My Altai civilization gave Korea about 15 techs, over 3000 gold and loads of important resources last night, in an attempt to help them defend against the Japanese... and now I know they would never have appreciated it even slightly as much as a human player in the same position would.

Please tell me if I've got it wrong, but if I haven't, I officially declare this issue as, at least partially, stupid. ;)
 
I will never have more than -11 ... this is bad
 
Great job, Bamspeedy! Thanks for doing the research and posting it. It was truly informative and helped me to understand the whole attitude thing, which, until now, has been a complete mystery to me.
 
Excellent work, Bamspeedy! This is certainly one of the best CFC articles ever. After reading your article, I was too lazy to read the entire thread, so sorry if these points/questions have already been brought up:

Originally posted by Bamspeedy
-10 maximum for any gifts. You can get -1 point for every 10 gold worth of techs/gold that you DONATE to them. Giving them a tech for 1 gold piece or map (even if the map is ’’worthless’’) does not count as a gift. You can’’t get more than -10 points from gifts. Giving gifts on the next turn, or next few turns, has no effect once you reach the -10 cap. It does not look like this decays over time, or that giving more gifts centuries later helps at all., if you‘‘ve exceeded the cap.
That right there is VERY useful. Now I know that giving 1000 gold gifts is waste of 900 gold. :)
Originally posted by Bamspeedy
-2 If you have an embassy with the AI
Yay, so I WAS right about my theory of embassies improving attitude. :)
Originally posted by Bamspeedy
...If you have any units in their territory when you break the ROP treaty, and other civs won’’t sign ROP with you anymore and will add +2.
So you're absolutely sure that this is permanent?
 
Excellent work! I do have one question: Are you sure that failing to plant a spy is a permanent attitude modifier? I've experienced the negative attitude many times from failing to plant a spy, waited ~10 turns and their attitude improves, repeat. Keep in mind i am speaking about civ3 vanilla 1.29, but i imagine much is the same.
Again, thanks for all this work!
 
Thanks Bamspeedy, very useful article indeed.

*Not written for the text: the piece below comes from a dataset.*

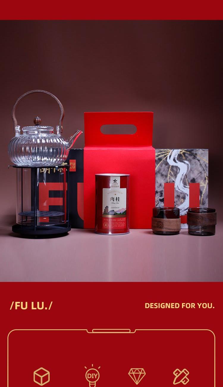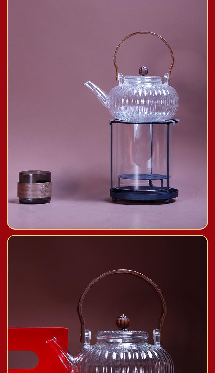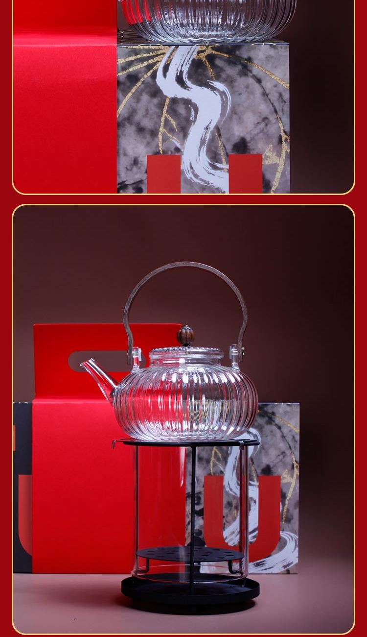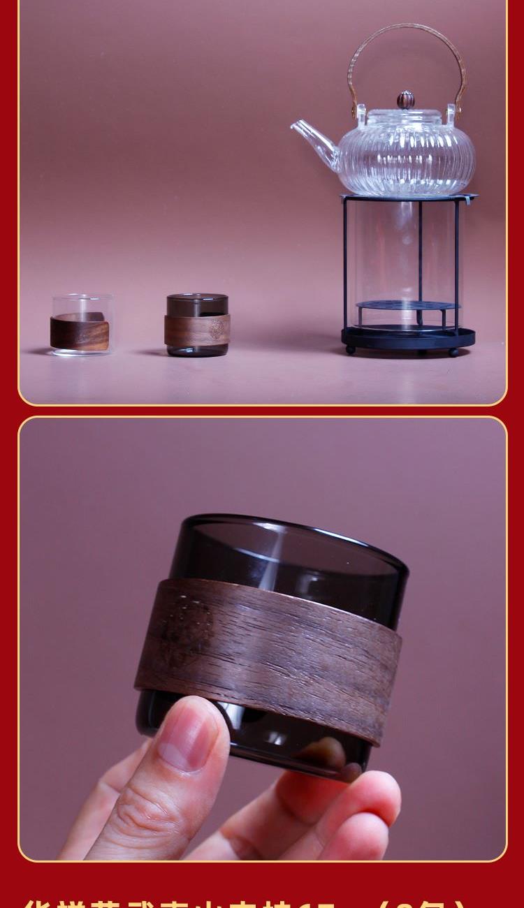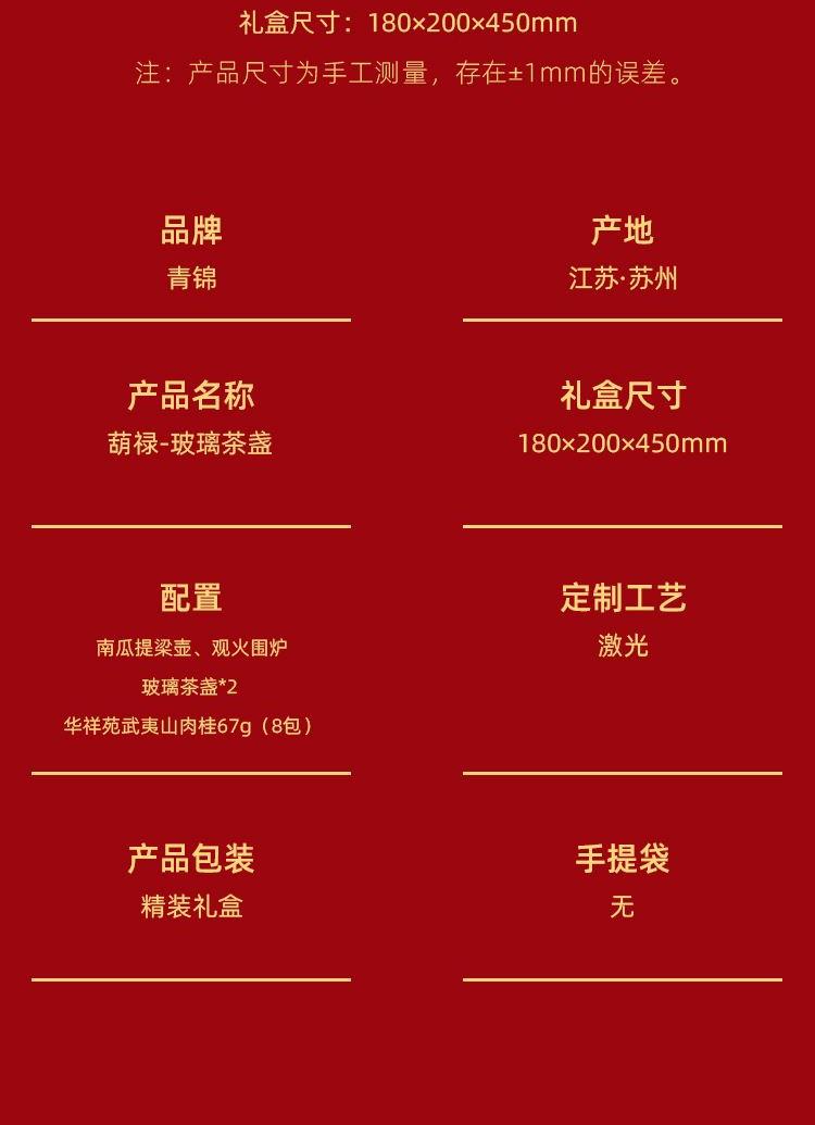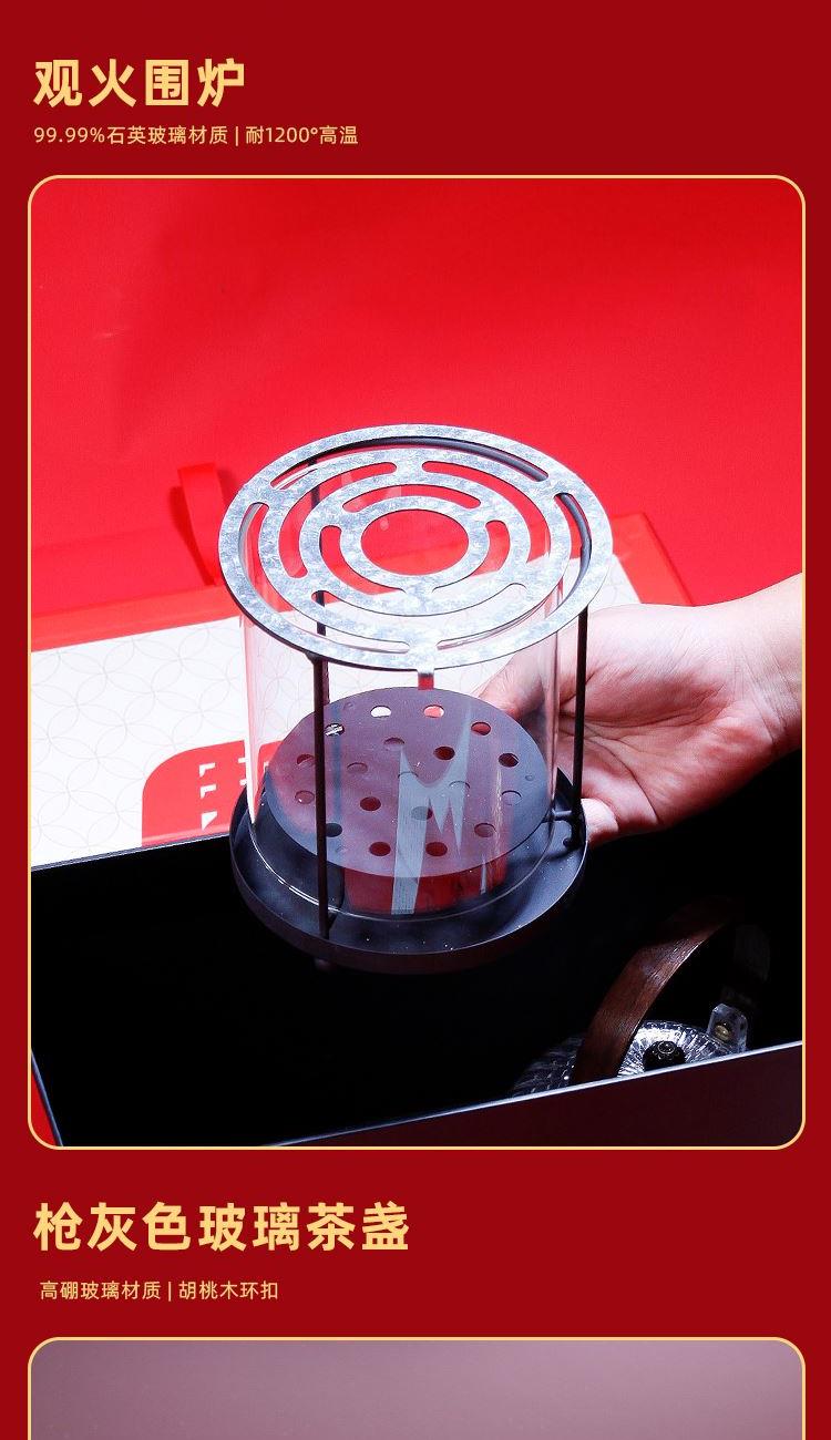1-南瓜提梁壶*1 900ml 尺寸约 15*11.5*7.5cm 胡桃木提梁/加厚高硼玻璃/茶水分离/耐冷耐热 2-观火围炉*1 99.99%石英玻璃材质 耐1200°高温 尺寸:16.2*14.5cm 3-枪灰色玻璃茶盏*2 150ml 6*6.5cm 高硼玻璃材质胡桃木环扣 4-华祥苑武夷山肉桂*1罐 67克8包 5-精装实用性礼盒*1 包装可做挂历

Originally posted by Bamspeedy
-1 to -3 for each enemy unit (of common enemies) you destroy and tiles you pillage, -7 for razing an enemy city, but all of this is temporary - AFTER the war or the civ is destroyed, you will get the +1 penalty for each razed city added back on, plus the +1 penalty for declaring war (even if you had joined the alliance). Any damage you did prior to signing the alliance (but during that same war) gets immediately added on. The total effect seems to cap at -15 for doing damage and having an alliance, -13 if you do everything else, but don’t have the alliance in place. This decays at -1 each turn, unless you destroy a unit or pillage a tile each turn to keep it at the maximum. So when peace comes and the -15 ‘temporary’ points is automatically taken off, it may seem like you took an attitude hit by signing peace or destroying the civ, because the other AI have a worse attitude towards you.
Am I the only one who feels that this is a serious flaw in Civ3? It doesn't make any sense to me that my allies get mad at me after we finished what we set out to do...
 
Buckets- You are correct. I just failed at an espionage mission and waited about 20 turns and was able to recover all the points.

I'll edit the original post.

Edit: +3 seems to be temporary, +1 is permanent. Here was my study:

As the Americans on Chieftain, I have the Aztecs normally at -6 (and I'm sure the Aztecs have the power lead, because they have 10,000 gold while I have 1,000.). After making a trade, I get them to -7. I plant a spy (successfully), then fail at 'expose enemy mole' (guaranteed to fail). This drops them to -3, and after waiting 20 turns it returned to -7 (after trading maps to recover the 'recent trade' point. However, I should have been at -8 since I now have the culture lead from having to build the Intelligence agency.